National symbols, soldiers, and personalities were important in maintaining the enthusiasm of Britain’s dominions during the war. However, depictions of unfamiliar imperial soldiers, particularly from British imperial colonies such as India and the West Indies, were also powerful wartime symbols of the British Empire.

This photograph is another example of British official photographer Lt. Ernest Brooks’ more posed, formal photographs, of a group soldiers from the British West Indies Regiment, in camp on the Albert-Amiens Road, during the Somme Offensive of 1916. This image is notable as it reflects the manner in which imperial troops were presented in British propaganda. Images of British Imperial troops from both white settler dominions and imperial colonies such as India were numerous, as it was a strong British interest to present the strength, unity, size and diversity of its empire throughout the war, to reassure members of the empire, and to impress or intimidate neutral or enemy nations. However, the manner of depiction of peoples within the empire varied. Images of British soldiers interacting with troops from settler dominions such as New Zealand were common, and presented an image of the empire as a family of equals. This was important in maintaining dominion morale and enthusiasm for the war. Colonial troops, such as these British West Indian troops were rarely portrayed in the same inclusive manner. Instead, just as in this image, imperial troops were more commonly photographed separately, as their own distinct, yet important, component of the empire, as somewhat exotic imperial oddities. Despite this separation, it was still important to promote images of ‘imperial’ enthusiasm for the war, from regions such as the West Indies.

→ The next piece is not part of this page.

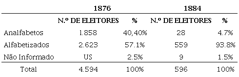 Dados semelhantes foram encontrados por Jairo Nicolau. Mesmo após a Lei Saraiva, esse autor indicou a presença de analfabetos em listas eleitorais de algumas freguesias do Rio de Janeiro. Ainda que em número reduzido, representando menos de 3% do total de eleitores, os analfabetos foram qualificados para votar nas freguesias de Campos e São João da Barra (NICOLAU, 2001, p. 10).

These depictions of enthusiastic imperial involvement were not strictly fabrications, for instance the response from India alone garnered over 1,000,000 volunteers, while the West Indian Regiment fought in a number of campaigns, both in France, such as the Somme, and in sideshows in German colonies in Africa. It was therefore of great propaganda use for the British to portray this enthusiasm through images of enthusiastic, happy imperial troops, such as this image. These depictions helped the Britain’s colonies and dominions to conceptualise the war as a collective imperial struggle in which they had a vital role to play, instead of a strictly European war.